CapitaLand Investment on Wednesday posted a 6 percent year-on-year rise in fee income for the first nine months of 2024, following the day-earlier announcement of S$261 million ($195.5 million) in fresh capital for the real estate fund manager’s Southeast Asia and India private vehicles.
Revenue related to fee income reached S$845 million in the year to date, up from S$799 million in the comparable period of 2023, Singapore-based CapitaLand Investment said in a business update. Real estate investment revenue eased 2 percent year-on-year to S$1.42 billion as the company continued to shift towards a greater contribution from fee income.
On Tuesday the firm introduced a new capital partner from Japan, shipping major Mitsui OSK Lines, which has committed S$130 million and S$131 million respectively to CapitaLand SEA Logistics Fund and CapitaLand India Growth Fund 2, making the latter investment via property unit Daibiru Corporation. The infusion will boost CSLF’s potential funds under management to S$1 billion and CIGF2’s FUM to more than S$1 billion.

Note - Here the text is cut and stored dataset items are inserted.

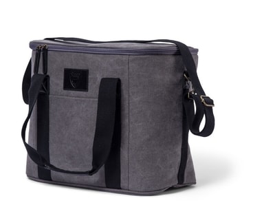 Kylbag i grovt tyg med justerbar axelrem och ordentliga handtag.Tutustu ominaisuuksiin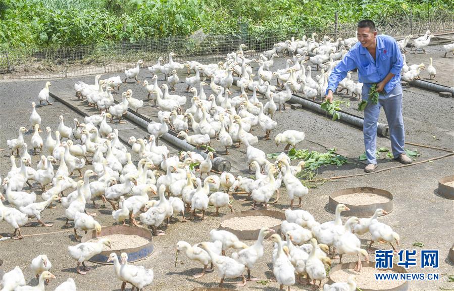 7月16日,在河北省深州市前磨头镇西石村,朱少杰在喂鹅。 朱少杰是河北省深州市前磨头镇西石村村民,前些年因患病花光了积蓄,日子过得拮据。2017年,朱少杰被确定为建档立卡贫困户。在乡村党员帮助下,苏少杰认真学习养殖技术,发展养鹅产业,依靠勤劳双手成功摘掉贫困户的“帽子”。如今,苏少杰已成为当地养殖能手,带领周围乡亲增收奔小康,实现由贫困户到致富能手的华丽转身。 新华社记者 李晓果 摄
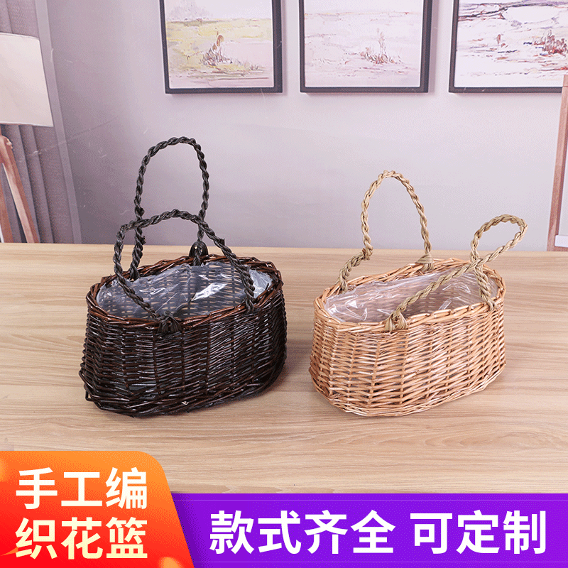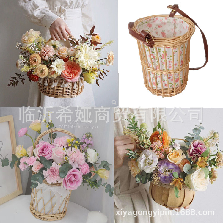 柳細工の花屋のバスケット、レースの手提げ花かご、フラワーアレンジメントバスケット、クリエイティブバスケット、装飾バスケット、純手作り、手作りの創作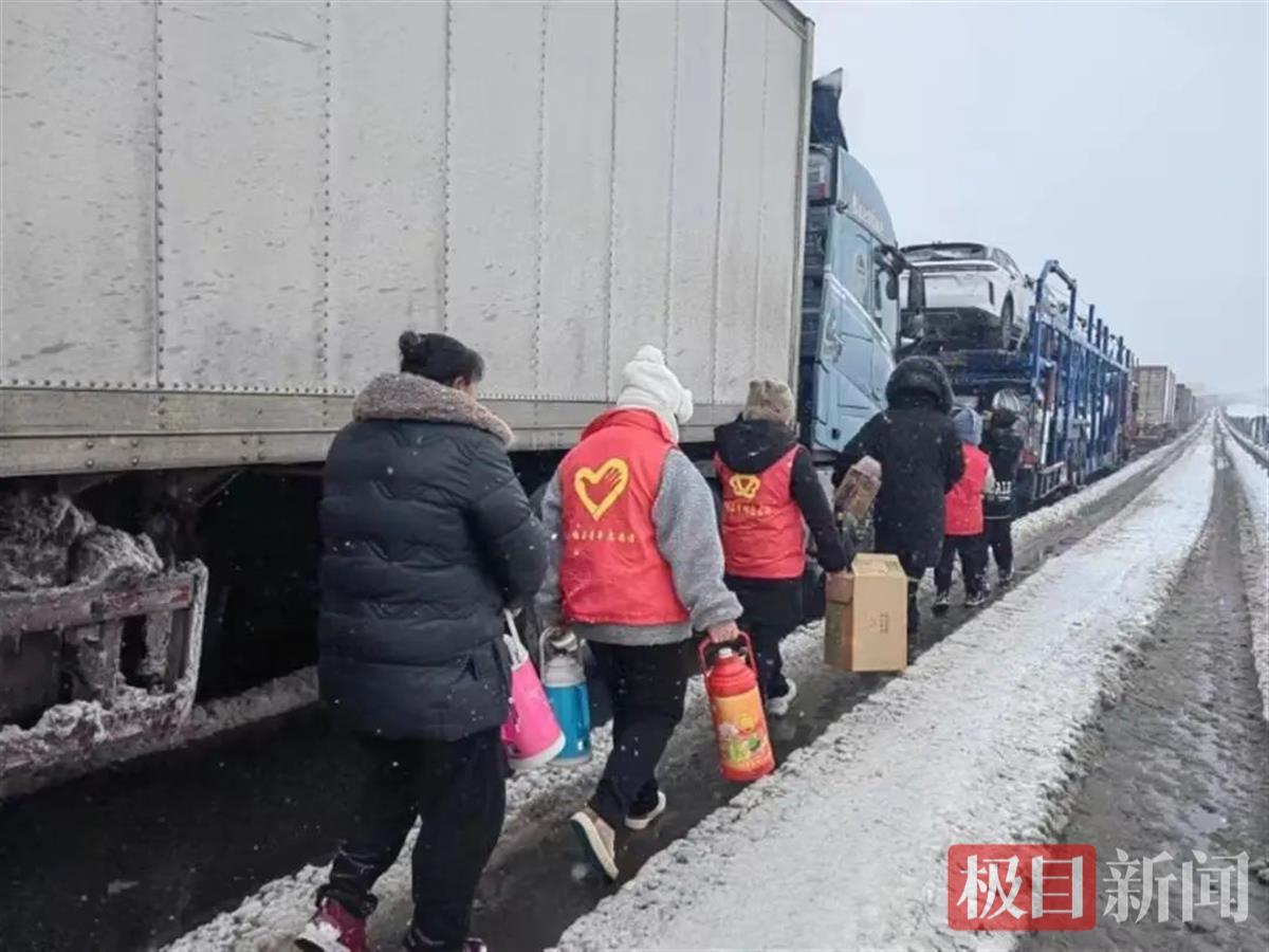 为高速上的滞留司乘人员送吃的
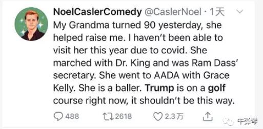 我的奶奶昨天90岁生日,她将我拉扯大。但因为病毒,我今年都还没能去看望她。她曾经和马丁·路德·金一块游行,她是拉姆·达斯(美国心灵导师)的秘书……她是一名芭蕾舞演员。但现在,特朗普却在打高尔夫,不应该这样啊!

“Our core markets of SEA and India have tremendous growth potential as rising urbanisation, supply chain rationalisation, and digitalisation continue to drive demand for assets such as logistics and business parks,” said Lee Chee Koon, CEO of SGX-listed CapitaLand Investment, which is controlled by state holding firm Temasek.
Powering Projects
CapitaLand Investment and Taiwan-based Ally Logistic Property joined forces with Thai developer Pruksa Holding to launch CSLF in 2022 with a target size of S$1 billion. The Southeast Asia warehouse fund is seeded with Omega 1 Bang Na, a greenfield built-to-suit logistics campus near Bangkok whose first phase is due for completion in 2026.
The 2 million square foot (185,806 square metre) project is expected to be Thailand’s largest standalone warehouse when finished. Mitsui OSK Lines holds a 32.5 percent stake in CSLF, which plans to accelerate its deployment across a range of greenfield and brownfield logistics investments, CapitaLand Investment said.
Daibiru’s investment in CIGF2 will see the real estate unit take a 25 percent effective stake in International Tech Park Chennai, Radial Road, a 2.6 million square foot campus catering to IT firms. CapitaLand Investment continues to maintain a sponsor stake in both funds as part of its asset-light growth strategy, according to the firm.
The latest capital commitments mark the second closing of CSLF, bringing its total equity size to S$400 million, and the final closing of the S$525 million CIGF2.
Private Strategies Active
CapitaLand Investment’s private funds have committed more than S$2.1 billion in the year to date to a range of industrial, hospitality and office assets.
Those investments include the Core Logistics Japan Fund’s acquisitions of the Sagamihara Minami Hashimoto Logistics Centre in Greater Tokyo and the Ibaraki Saito Logistics Centre in Osaka, two operational properties with a combined gross floor area of 49,300 square metres (530,661 square feet).
The hospitality-focused CapitaLand Ascott Residence Asia Fund II acquired Lyf Shibuya Tokyo from the sponsor and a 50 percent interest in Lyf Bugis Singapore, with CapitaLand Wellness Fund buying the remaining half-stake.
The Korea Office Value-Add Fund picked up Golden Tower in Seoul’s Gangnam district from South Korea’s NPS for KRW 440.8 billion ($330 million). The strategy recently closed with a total equity commitment of KRW 200 billion.